I think they’re missing Fuck-er.
Thick Makeup
I assume these girls are teenagers. To be honest, I couldn’t really tell their age since their faces are always buried underneath thick crappy makeup. Excuse me, but you DO NOT put heavy eyeliners and thick foundations on 15 year olds and expect them to look pretty. Heavy make ups are reserved for drag queens and prostitutes, so unless you’re trying to market these girls as prostitutes, goddammit please EASE UP on the MAKE UP!
Bad clothing
And then there’s the clothes. WHAT THE FISH were they thinking dressing up in clothes like that?! That’s just wrong, man, so so so wrong. I can understand they’re trying to look cute and all, but… mini polka-dotted skirts with three-quarter LEOTARDS? Makes me wonder if they trying to sell this video to the torture chamber in Abu Ghraib or something.
Alright, so you said “Aiyo Kenny you so bad. Its not their fault they dressed up like that watttttt!”. Ok ok ok ok fineeee. Then whoever made them dress up like that deserves to have his penis made into pretzels. To have four innocent children dressing up in clothes like that is not just a crime against fashion, its friggin’ CHILD ABUSE!
Actually, I think they look like Teletubbies.
Teletubbies
Heh. Uncanny!

Then there were the dances, or rather the lack thereof.
Dances

That’s not dancing. That’s four colourful coconut trees singing.

These girls move like robots. I’ve seen trees swaying outside my house that’s more entertaining than that. The funny thing is that these girls can sway continuously for the entire video and never get sick of it. I think their producers probably told them that if they ever stop swaying like a clock, their watch wouldn’t move forward.
The entire music video focuses on these four girls parading around happily. Perhaps a little too happy. Over-enthusiasticly happy. So happy in fact, I’m starting to suspect “recreational substance” blog sixthseal.com may have something to do with the production of this video.
20050407-6.jpg

Si Qian Jin supports gays and lesbians in Malaysia

If dressing up in matching bright-coloured clothes like that doesn’t induce vomit, I tell you what will: 8-year-olds in thick make ups trying to act cute.
Act Cute
What the fork are you trying to imitiate, a RETARD? ‘cos if you are, then congratulations, you’re successful in annoying the hell out of me. Now go back to the mental hospital.
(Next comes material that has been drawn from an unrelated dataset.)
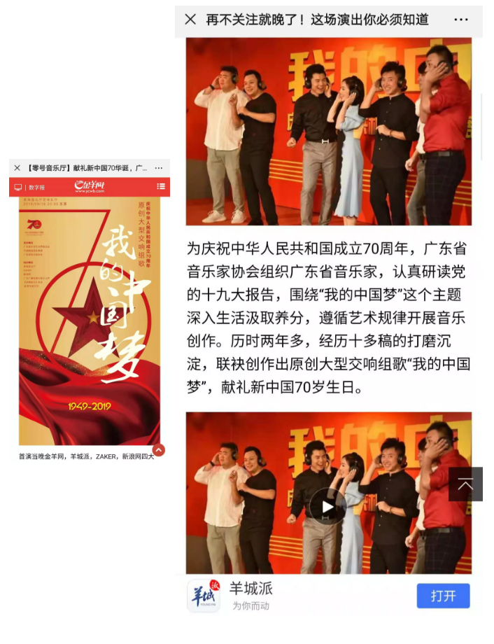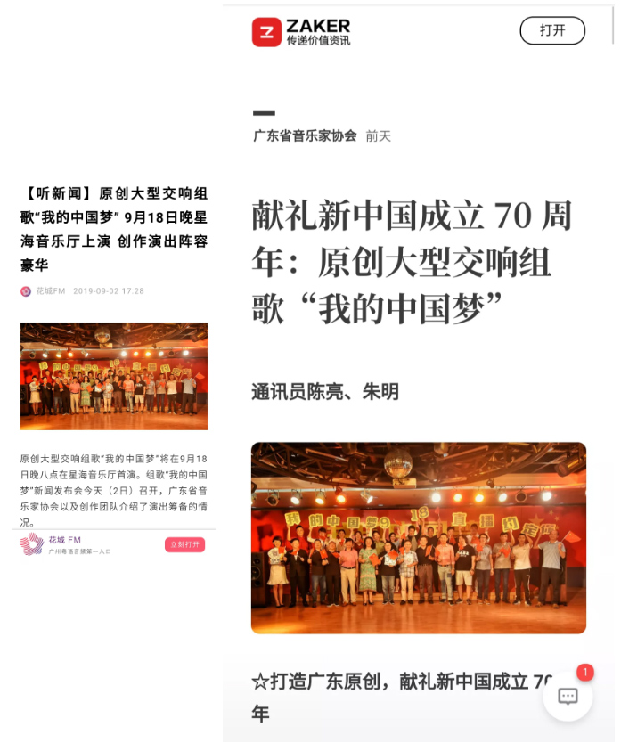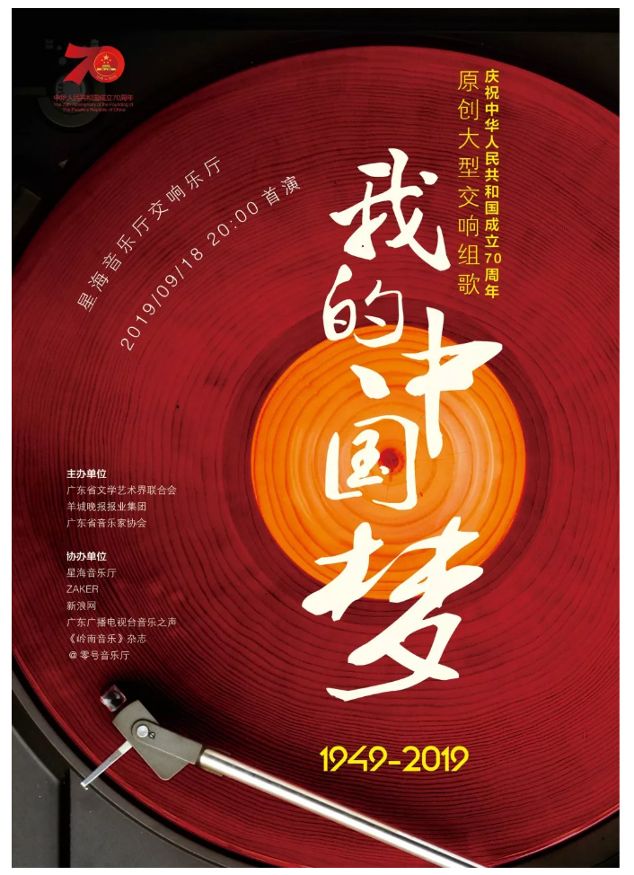 庆祝中华人民共和国成立70周年大型原创交响组歌“我的中国梦”音乐会由广东省文学艺术界联合会、羊城晚报报业集团、广东省音乐家协会联合主办,星海音乐厅、ZAKER 、新浪网、广东广播电视台音乐之声、《岭南音乐》杂志、@零号音乐厅共同协办,2019年9月18日晚20:00组歌将在星海音乐厅交响乐厅隆重首演,同时也是这部原创作品的世界首演。首演当晚金羊网,羊城派,ZAKER,新浪网四大媒体平台将同步高清网络直播。广东广播电视台音乐之声也将播出组歌现场录音的完整版。

Man, I can’t believe I spent the past one hour reviewing this crappy VCD. What a total waste.
To save time, I’m just going to write my conclusion to this review right away.

Bin

Conclusion

Thank you for reading.

If you happen to be a fan of this particular girl band and think that my review is harsh. I’m sorry. Sorry that your taste in music is that bad. I’ve got nothing personal against Hung-er Jun-er Kai-er Ming-er and Fuck-er because they’ve never did me any to me (other than unleashing their weapons of mass destruction on me every Chinese New Year).
To their credit, they do have great voices that’s sweet, crisp and naturally melodic. But you know what, there’s only so much ‘ji-ge-long-tong-chiang-dong-chiang’, coconut-tree-like dance moves and overenthusiastic fake smiles a man can take before he goes berserk. I reckon they should do themselves and ourselves a favour, dump their record company and give us a chance to breathe.